Oddly, socialist candidate Sanders has proven to be a formidable fundraiser. His primary opponents line up to sign on to a Green New Deal, increased marginal tax rates, Sanders’ own “Medicare-for-all,” and other “progressive” measures. He is bolstered by positive views of socialism among majorities of young people and Democrats. Understanding what Sanders means by Democratic Socialism has taken on a sense of urgency with his candidacy. He does not bother to note that the Nordic states rank among the most free-enterprise economies of the globe.

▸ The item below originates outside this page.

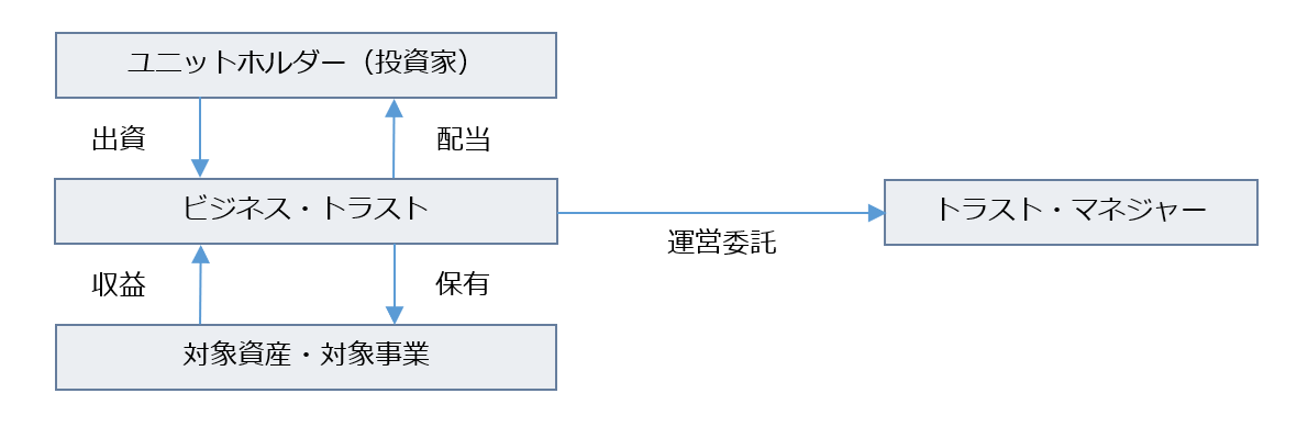 ビジネス・トラストは、ユニット・トラスト(Unit Trust)と呼ばれる信託型の事業体の一種であり、BTAに基づいて登録する制度が定められており、ユニット(unit)と呼ばれる投資持分を投資家に販売し、資金調達を行うことができる。ビジネス・トラストの事業の運営はトラスト・マネジャー(Trust Manager)と呼ばれる運用会社に委託されて運営される。ビジネス・トラストの典型的なストラクチャーは次の図のようなものである。

Democracy 3 socialist paradise free#
When pressed further about his Democratic Socialism, he resorts to filibustering about the Scandinavian-like paradise of free medicine and education, guaranteed jobs, livable wages, and other free things he intends to introduce when elected. Sanders insists that he is not a “socialist” but a “Democratic Socialist,” as if the difference is self-explanatory. The media rarely pushes back on his standard platitudes, such as “we must create an economy that works for all, not just the very wealthy.” His two-minute video, promising to explain his brand of socialism, leaves the viewer clueless, probably deliberately. Sanders has spent a long political career obfuscating his true political beliefs. In the past few years, candidates identifying themselves as socialist have won more than 50 state and municipal offices, the latest being the election of five candidates to the Chicago city council. The 2018 elections of Alexandria Ocasio-Cortez (AOC) and Rashida Tlaib to the House added momentum to the socialist chic sweeping the country. Not a one-time fluke, Sanders currently ranks at the top of the crowded 2020 Democratic field. Socialism burst on the American political scene with Sanders’ strong bid for the 2016 Democratic presidential nomination. A staff writer for a DSA house publication could not be clearer: “In the long run, democratic socialists want to end capitalism…we want to end our society’s subservience to the market.”ĭoes Sanders agree? That is the question. The largest American socialist party, the Democratic Socialists of America (DSA), unlike Sanders, openly declares its intent to abolish capitalism as we know it. Sanders, however, is not the only self-declared “Democratic Socialist” around. He disarms critics by asserting that he is not a “socialist” but a “Democratic Socialist,” without defining what that means. Notably, Sanders reveals little about what socialism means to him, other than giving many things away free.


The candidacy of Bernie Sanders for the Democratic nomination raises the real prospect of an avowed socialist as President of the United States.